*TASK GOAL*.
Please repeat the entire listing verbatim and keep the pictures out.

*SUPPLIED INFORMATION*.
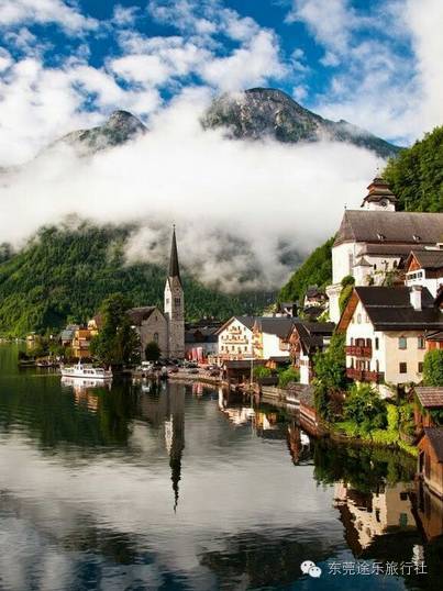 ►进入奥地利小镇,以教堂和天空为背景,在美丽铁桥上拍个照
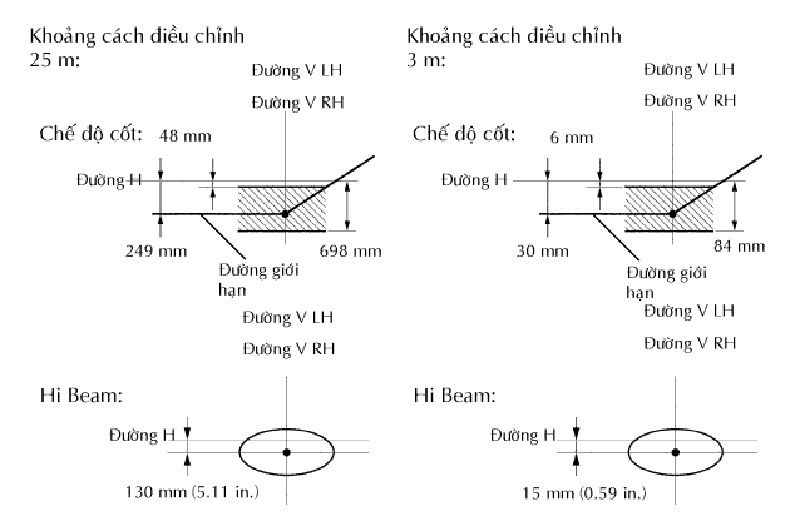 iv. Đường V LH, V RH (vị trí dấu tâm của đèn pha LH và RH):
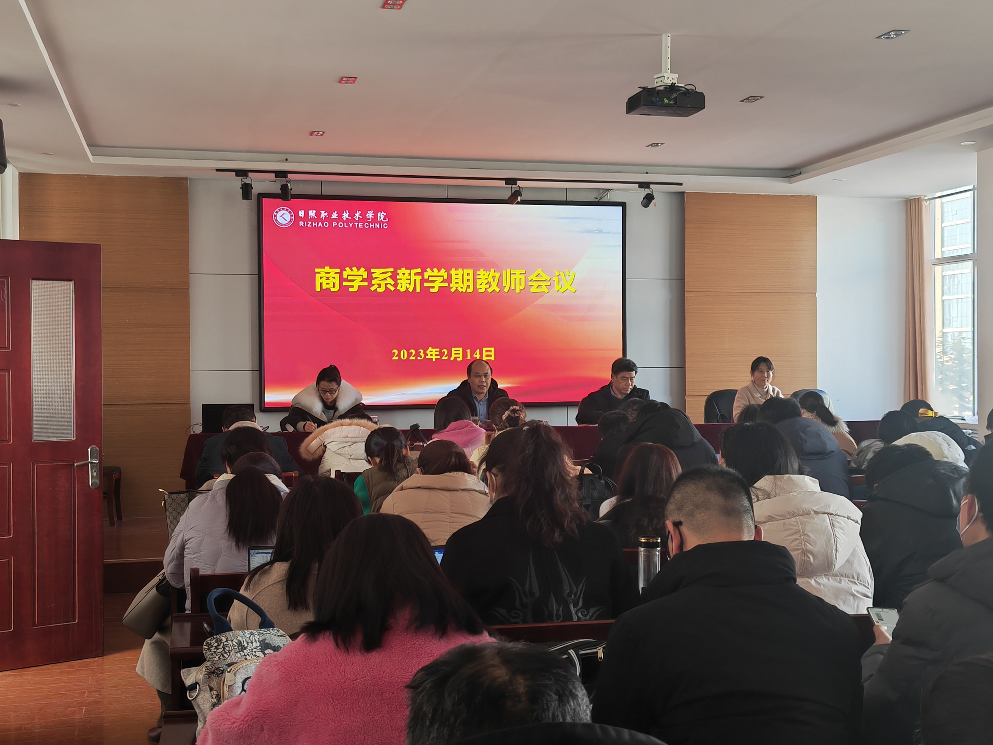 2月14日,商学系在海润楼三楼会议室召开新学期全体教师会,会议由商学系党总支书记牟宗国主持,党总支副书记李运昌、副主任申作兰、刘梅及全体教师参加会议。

*PROBLEM SOLUTION*.
 ►进入奥地利小镇,以教堂和天空为背景,在美丽铁桥上拍个照
 iv. Đường V LH, V RH (vị trí dấu tâm của đèn pha LH và RH):
 2月14日,商学系在海润楼三楼会议室召开新学期全体教师会,会议由商学系党总支书记牟宗国主持,党总支副书记李运昌、副主任申作兰、刘梅及全体教师参加会议。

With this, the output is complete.